JVM Interpreter: executes Java bytecode instructions one by one (like a virtual CPU) when JIT is not used. Reference: https://docs.oracle.com/javase/specs/jvms/se21/html/jvms-2.html
Bytecode Specification: defines the exact format and behavior of JVM bytecode instructions so they are portable across all JVMs. Reference: https://docs.oracle.com/javase/specs/jvms/se21/html/jvms-6.html
Java Compiler (javac): translates Java source code into JVM bytecode that can be executed by the JVM. Reference: https://docs.oracle.com/javase/specs/jls/se21/html/index.html
JIT Compilation: Just-In-Time compiler translates hot (frequently used) bytecode into native machine code for faster execution. Reference: https://www.ibm.com/docs/en/sdk-java-technology/8?topic=reference-jit-compiler
Basic Blocks: a straight-line code sequence with no jumps except into the block at the beginning and out at the end; fundamental unit for optimizations. Reference: https://en.wikipedia.org/wiki/Basic\_block
The JIT in action
In this article, we use a simple Java method and highlight ten out of the many optimizations it undergoes during compilation, demonstrating how the bytecode changes in the process.
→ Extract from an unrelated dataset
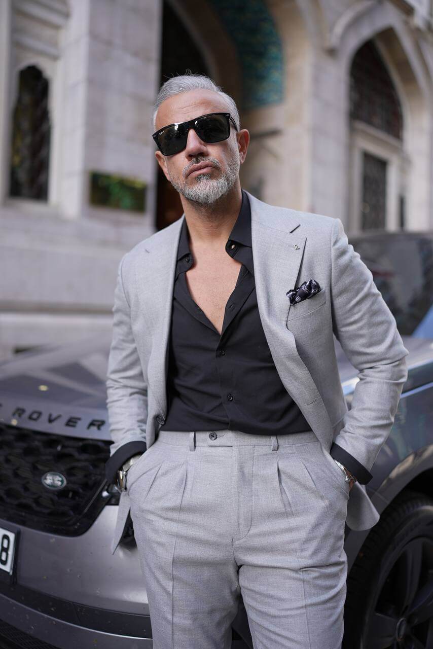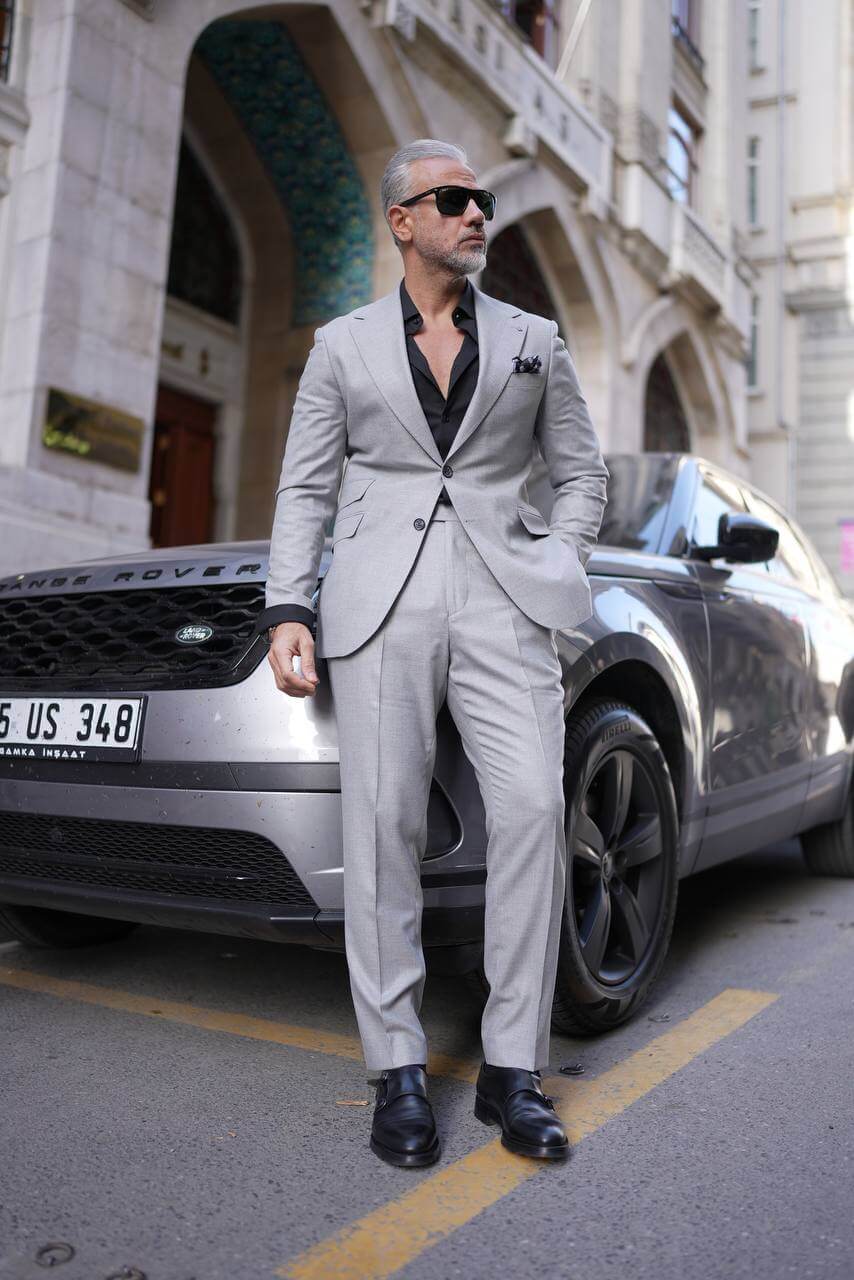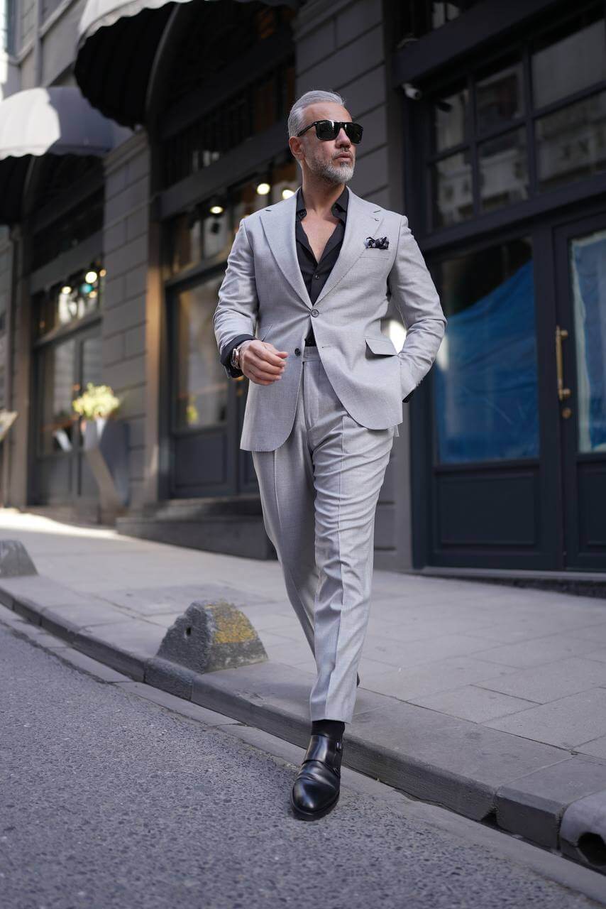 Ideal for business meetings and formal events, the suit’s sleek design and comfortable fit ensure you look sharp and confident. Paired with a contrasting black shirt and polished accessories, this suit is your go-to choice for making a lasting impression.

While covering all optimizations would require much more space, we focus on selected examples. For each optimization, we show the bytecode before and after, along with a brief explanation. In addition to these we pickup some important optimizations and provide only the explanation. The bytecode sequences are presented primarily for illustrative purposes and may not precisely reflect the actuals in the generated code.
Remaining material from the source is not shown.